Hermione, casting a wary glance at the Merobabs, raised a tentative hand.

“Yes, Miss Granger,” said Professor Sprout.

Clearing her throat, Hermione phrased her question in a near-whisper. “Professor Sprout… er… what use—um, what useful properties are ascribed to the Merobabs?”

“There are a number of ways the Merobab is useful to us, Miss Granger. For example, the cerebral fluid—“

Professor Sprout paused as a chorus of hissing and furiously rippling water shuddered the tank. Hermione felt the weight of eight red-black eyes swiveling nastily in their direction.
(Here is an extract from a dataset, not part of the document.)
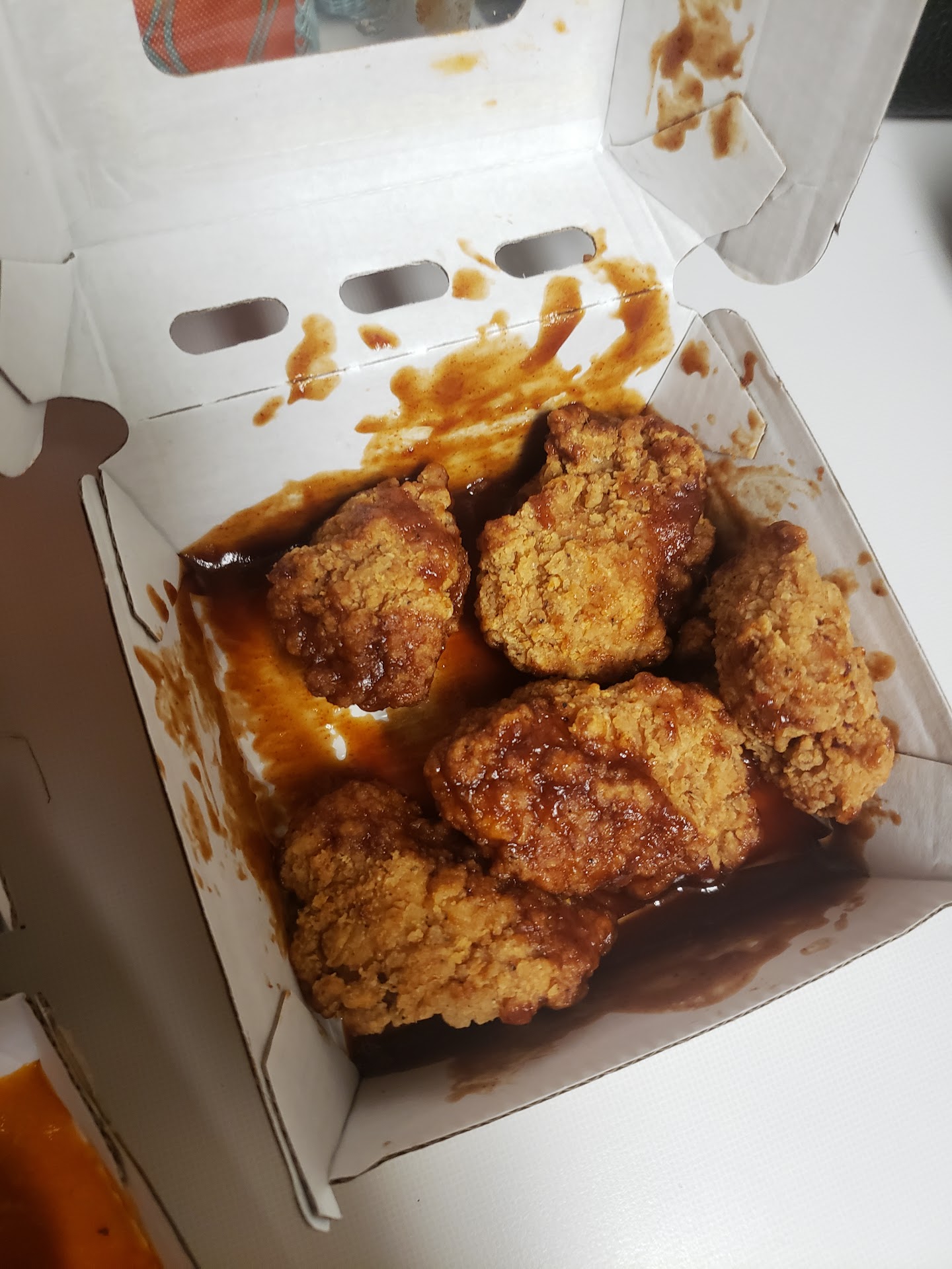 Finally, someone comes out and puts two bags in the warmer and just said "be back in a minute". She then comes back out no less than 5 minutes later and brings bag of food for the girl who was sitting down and waiting when I walked in. THEN, she starts asking the three people who were standing there. What makes me mad is that she didn't ask our names when she brought out the two other bags, even though she Cleary was waiting on other food. So, my food as well as the other guys was sitting in the warmer for 5 minutes minimum even though we were sitting right there. I had cheese curds, which didn't taste great after sitting, and you could visibly tell the wings and quesadilla were as fresh as they could have been.

Hermione frowned, both puzzled and alarmed, as the cerebral tendrils swung more forcefully behind them, some threatening to escape the walls of the tank. Professor Sprout, suddenly timid, shrank back a few paces under the Merobabs’ intimidating glare.

The Herbology professor, with her arms, began to corral the class towards the door. She let out a nervous laugh. “Well, it’s all in chapter 3 of Miranda Mottlepole’s textbook which I suggest you all read before the next lesson.” And with that, she hurriedly ushered them out the door as a loud thwunking sound reverberated through the greenhouse.